◆ WORK ITEM:
From the first line to the last, copy the listing exactly and omit the images.

◆ INPUT:
◇ ◇ ◇ ◇ ◇
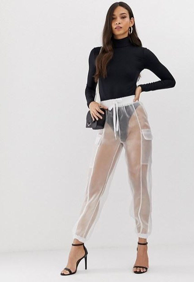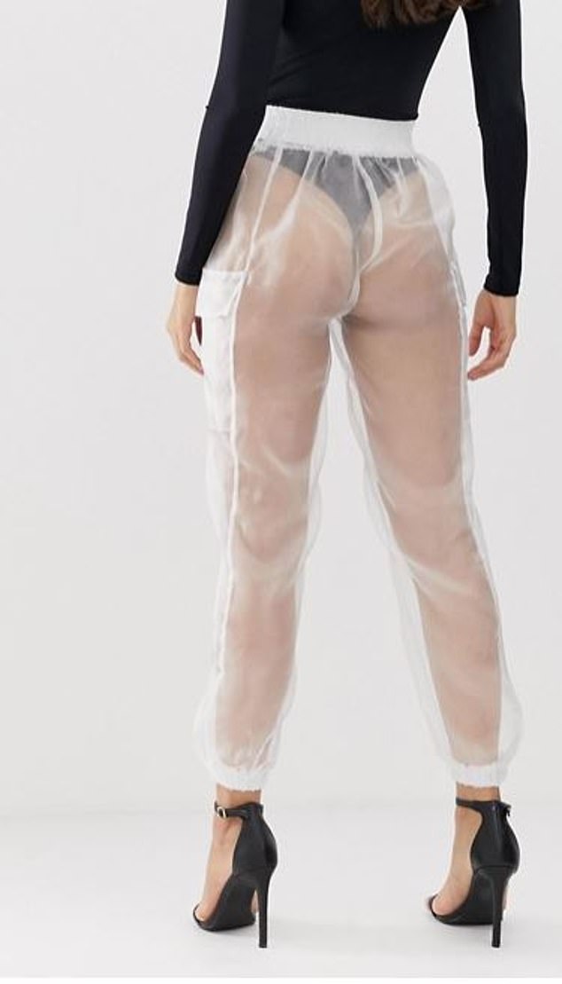 Τα Flounce London παντελόνια είναι διάφανα (σι-θρου όπως θα λέγαμε) και το υλικό από το οποίο είναι φτιαγμένα – πολυεστέρας – είναι παρόμοιο με εκείνο της κουρτίνας του μπάνιου σας.
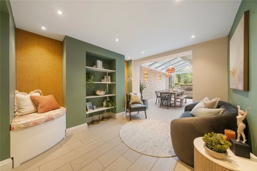 Set across the lower ground floor is the beautiful kitchen/dine, a wonderful space to host. The stylish kitchen is finished with white gloss units, quartz worktops and mirrored splashbacks, plus there is a large central island that also doubles up as breakfast bar and tiled flooring. Leading off the kitchen area is a sunny conservatory that enjoys views over the rear garden. The Westerly facing garden measures approximately 43ft in length and although low maintenance benefits from having a variety of mature trees and shrubs.
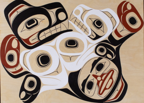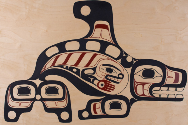 "Luu-dam̓ihl Smax (Bear Hug)" by Erica Davis (Nisga'a). 22" x 28" acrylic on birch.
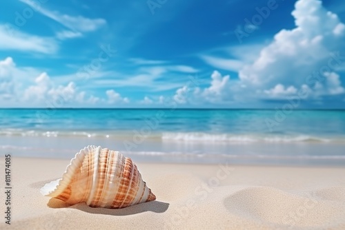 Seashell Resting on Sandy Beach with Azure Sky and Sea Background
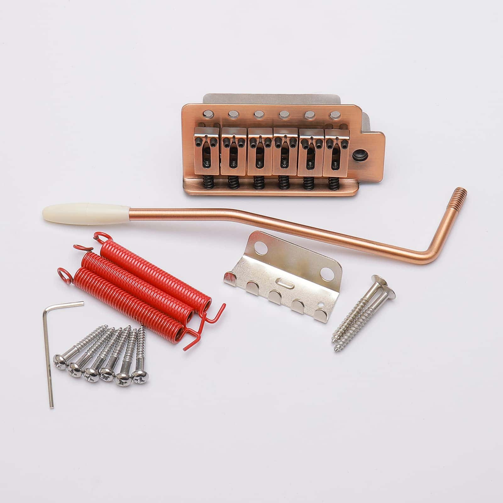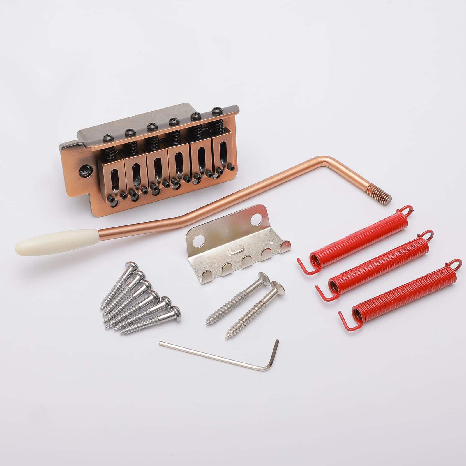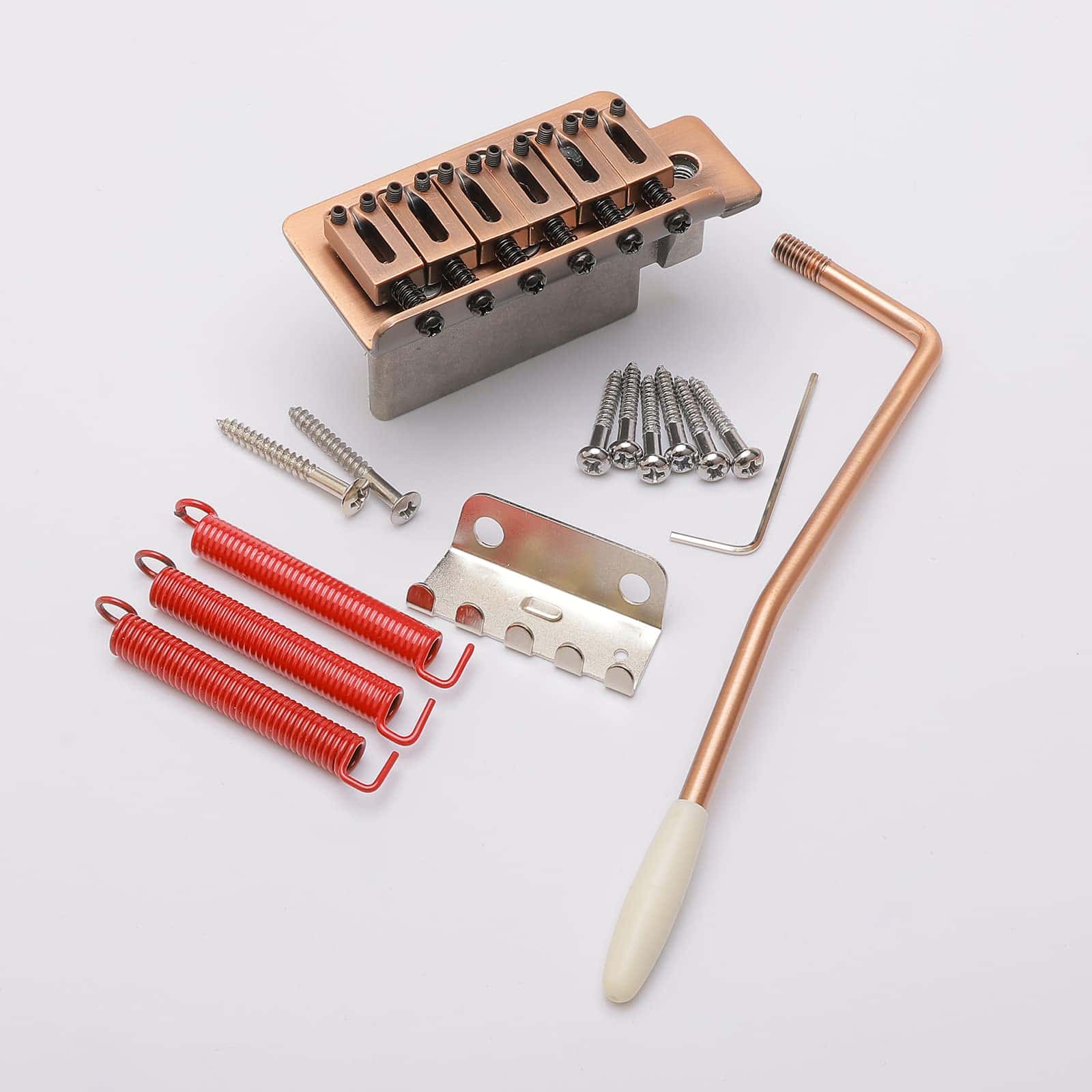 1 x Puente 3 x Muelles 1 x Garra de muelle 1 x Brazo de trémolo 1 x Llave 8 x Tornillos (2 unidades para la garra de muelle, 6 unidades para el puente) 1 x Destornillador 1 x Enrollador de cuerdas 3 EN 1
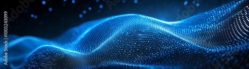 A digital 3D wave moving over a dark background. Dynamic blue particles. Big data concept. Cyberspace illustration.
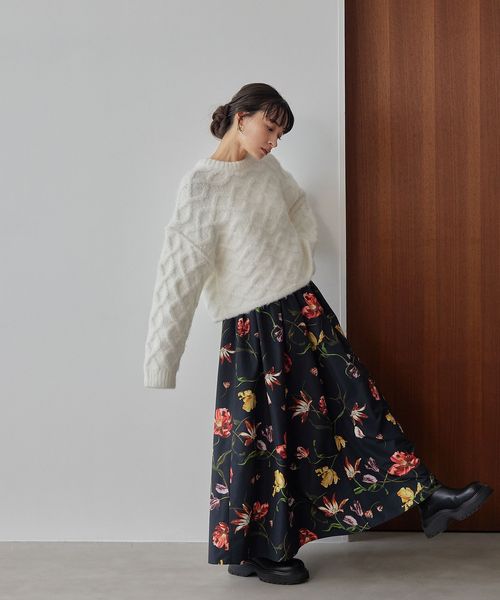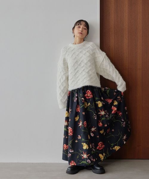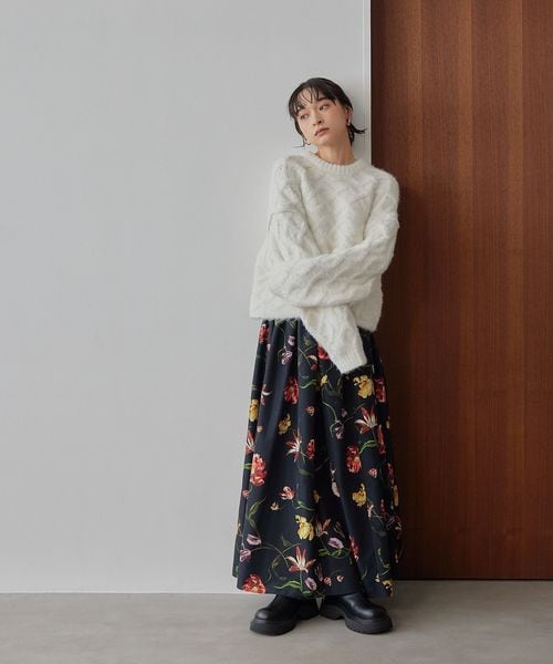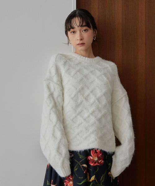 ローゲージで大胆なケーブル柄をポイントにしたニットプルオーバー。
◇ ◇ ◇ ◇ ◇
◆ RESULT FOR THIS EXERCISE:
 Τα Flounce London παντελόνια είναι διάφανα (σι-θρου όπως θα λέγαμε) και το υλικό από το οποίο είναι φτιαγμένα – πολυεστέρας – είναι παρόμοιο με εκείνο της κουρτίνας του μπάνιου σας.
 Set across the lower ground floor is the beautiful kitchen/dine, a wonderful space to host. The stylish kitchen is finished with white gloss units, quartz worktops and mirrored splashbacks, plus there is a large central island that also doubles up as breakfast bar and tiled flooring. Leading off the kitchen area is a sunny conservatory that enjoys views over the rear garden. The Westerly facing garden measures approximately 43ft in length and although low maintenance benefits from having a variety of mature trees and shrubs.
 "Luu-dam̓ihl Smax (Bear Hug)" by Erica Davis (Nisga'a). 22" x 28" acrylic on birch.
 Seashell Resting on Sandy Beach with Azure Sky and Sea Background
 1 x Puente 3 x Muelles 1 x Garra de muelle 1 x Brazo de trémolo 1 x Llave 8 x Tornillos (2 unidades para la garra de muelle, 6 unidades para el puente) 1 x Destornillador 1 x Enrollador de cuerdas 3 EN 1
 A digital 3D wave moving over a dark background. Dynamic blue particles. Big data concept. Cyberspace illustration.
 ローゲージで大胆なケーブル柄をポイントにしたニットプルオーバー。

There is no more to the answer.